Almost half of the Netherlands’ 17 million inhabitants live along its 350km coast or in regions which are below sea level.
‘Climate change is something that concerns us all,’ Van den Hurk told the Volkskrant. ‘It’s not something from far that is far removed, in space or time. Every continent has regions which are facing major changes. I hope people pick up on that now.’
Sigrid Kaag, Dutch foreign affairs minister and leader of Liberal party D66, said in a reaction that hers is the last generation of politicians who can protect our way of life. ‘It is now or never,’ she said. ‘We need to implement the EU’s climate change package as fast as we can, and there should be a leadership role for the Netherlands.’
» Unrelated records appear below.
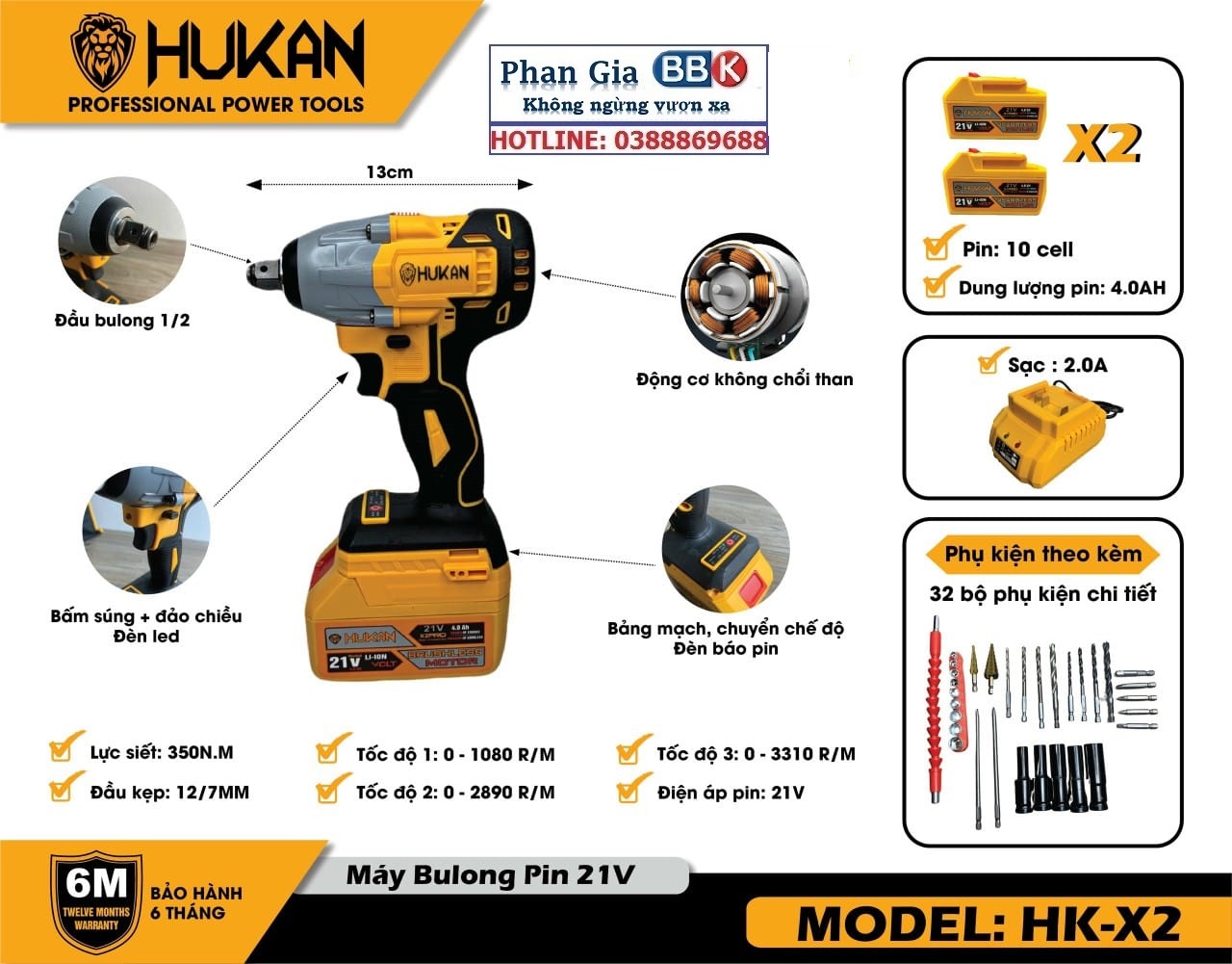 Giới thiệu Máy Siết Bulong HuKan X2 Promax 21v Công nghệ MỹTHÔNG SỐ KỸ THUẬT CỦA MÁY:- Chức năng: Siết mở Bulong, Ốc máy, Ốc nồi xe tay ga, Khoan, Bắt vít, Bắn tô- Đầu bulong 2 TRONG 1 (Vừa có thể ...
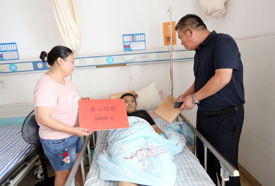 8月16日上午,徐圩投資公司總經(jīng)理莊清付一行到市第二人民醫(yī)院看望正在住院治療的職工張聯(lián)君,并將5萬(wàn)元職工愛心捐款交到他妻子朱敏的手中,讓他和家人感動(dòng)萬(wàn)分。
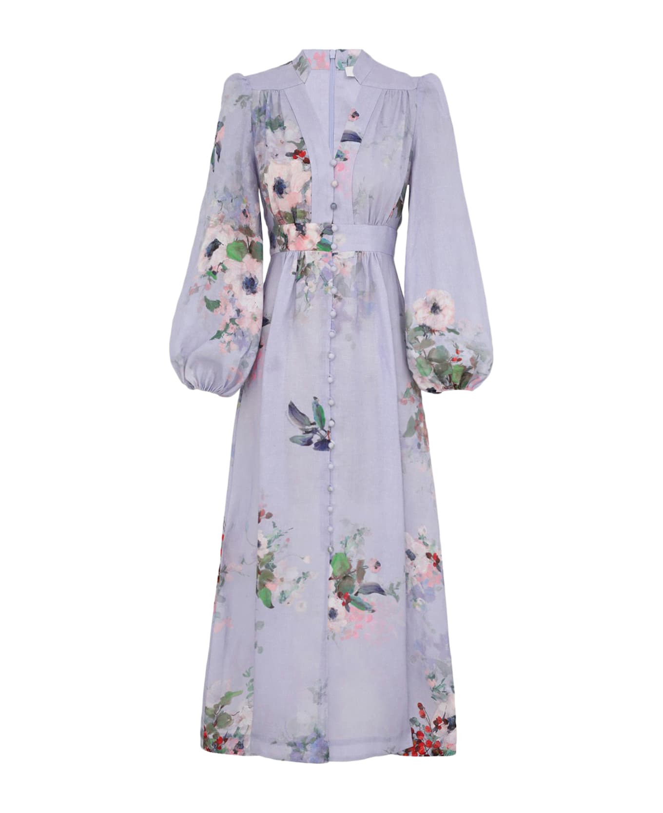 -Linen dress -V-neck -Puff sleeves with elastic cuffs -Button down the front -Invisible zipper closure at the center back
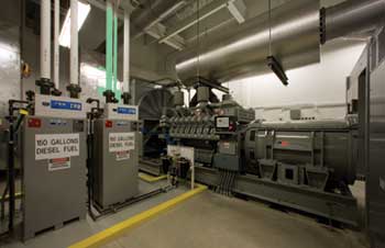 To eliminate the potential for power failures, the completed facility features rotary-based uninterrupted power supply (UPS) — a flywheel-like system that continues turning until emergency generators — some 16 in all — come on line. The 2.25 megawatt generators not only support critical loads for computer equipment, but essential loads for life-safety and mechanical equipment.
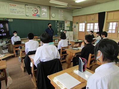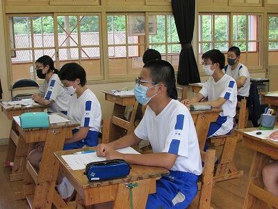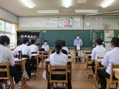 5校時は、西都土木事務所の方を講師に招き土砂災害防止教室を行いました。模型を使って土砂災害の様子を再現したり、実際に起こった土砂災害の映像を見たりしました。1時間に20㎜、連続100㎜以上の雨は危険だそうです。日ごろの備えと早めの避難が大切です。地区のハザードマップもいただいたので、家族全員でいざという時の行動を確認をしておきたいですね。
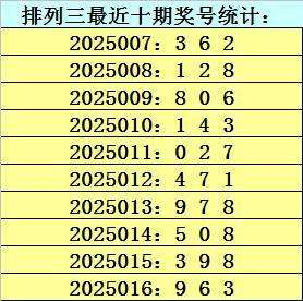 上期回顾:排列三第2025016期开奖号码为963,历史上组选出现39次,直选出现4次。
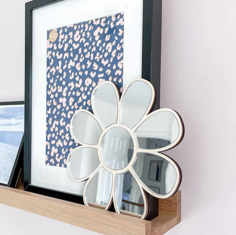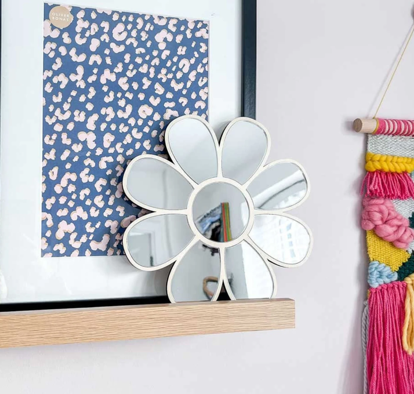 Let your little one's imagination blossom with the kids' flower mirror! This captivating mirror is ideal for adding a sprinkle of nature's beauty to their space and looks fab in any room, nursery, or even for tummy time! It's shatterproof and crafted from mirrored acrylic inset into a plywood frame.
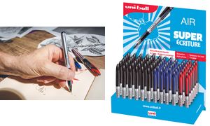 **uni-ball AIR rollerpen display met 72 stuks. Variabele lijndikte door drukgevoelige punt. Bevat 36 zwarte, 24 blauwe en 12 rode pennen met clip in bijpassende kleur.**
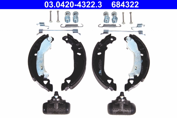 ATE Bremsbackensatz Original Kit 03.0420-4322.3 hinten rechts links mit Radbremszylinder 22,2mm für FIAT LANCIA
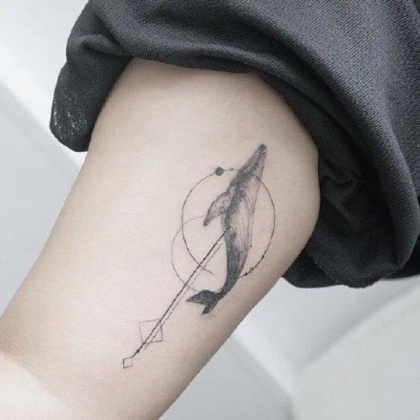 萌萌的鲸鱼纹身--适合女生的小清新鲸鱼纹身图案作品
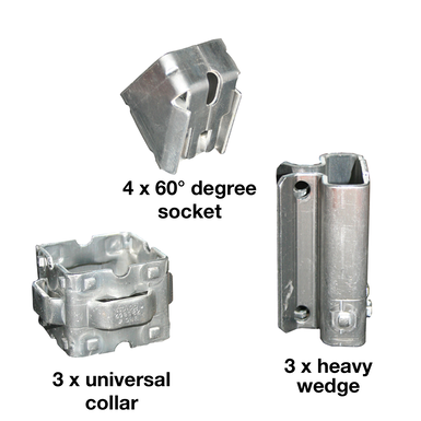 The set consists of three robust aluminium moulded parts that can be put together in a few simple steps. The construction creates a stable framework principle that permanently reinforces your fence system.
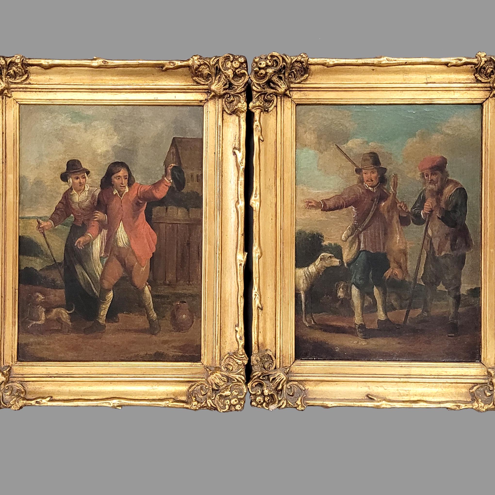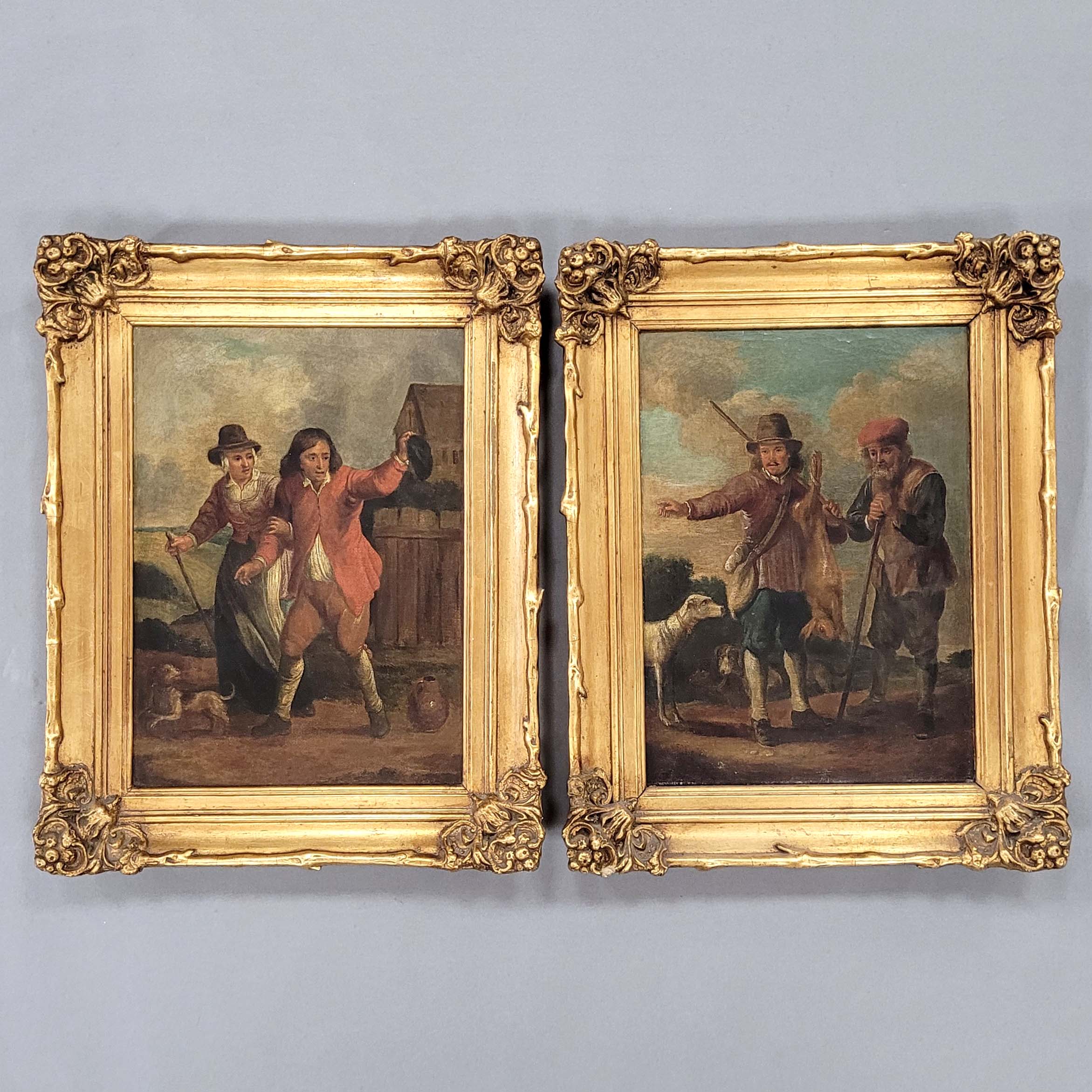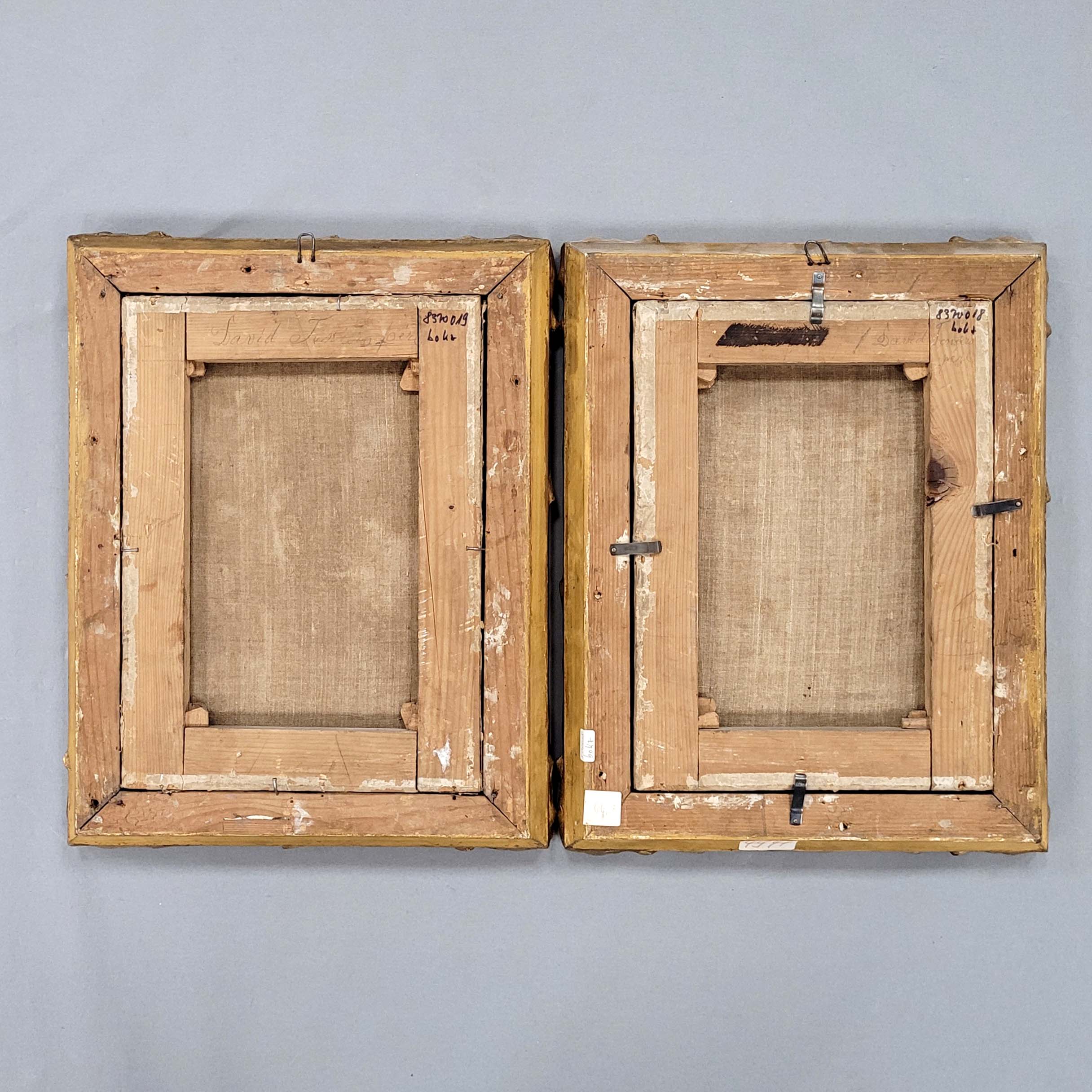 Gemäldepaar, Öl auf Leinwand, doubliert, verso alt bezeichnet „David Teniers“, 34,5 x 25 cm, Rahmen

Prime minister Mark Rutte said the new report highlights how important it is that the EU meet targets set for 2030 and 2040. ‘This is of absolute importance to the cabinet and most of all to the parties forming a new government,’ he said.
Floods
The KNMI meteorological office is taking part in an international research project to determine if the recent heavy rainfall and floods in Limburg, Germany, Belgium and Luxemburg are linked to climate change.
The research is being carried out together with experts from World Weather Attribution and from the other affected countries, the KNMI said.
Some 26% of the Netherlands is below sea level and a further 29% is susceptible to river flooding. The Dutch coast is protected by a complicated system of dykes, seawalls and sluices built after the devastating floods of 1953 which left over 1,800 people dead.
Sea level
Aimée Slangen of the Royal Netherlands Institute for Sea Research (Nioz) and another of the report’s authors, said that while the sea level forecasts do not differ much from the 2013 report, ‘we can now make concrete what the expected contribution of the melting of the Antarctica ice will be for various greenhouse gas scenarios’.
‘The melting of Antarctica is particularly relevant in norther Europe because of the effect of gravity,’ she said. ‘The meltwater from the South Pole on our side of the world causes an extra rise in the sea level 10%, on top of the global rise.’
This means that the Netherlands will be faced with high water every two to 10 years and that sea sluices will have to close much more often than at present to prevent flooding from the sea, she said.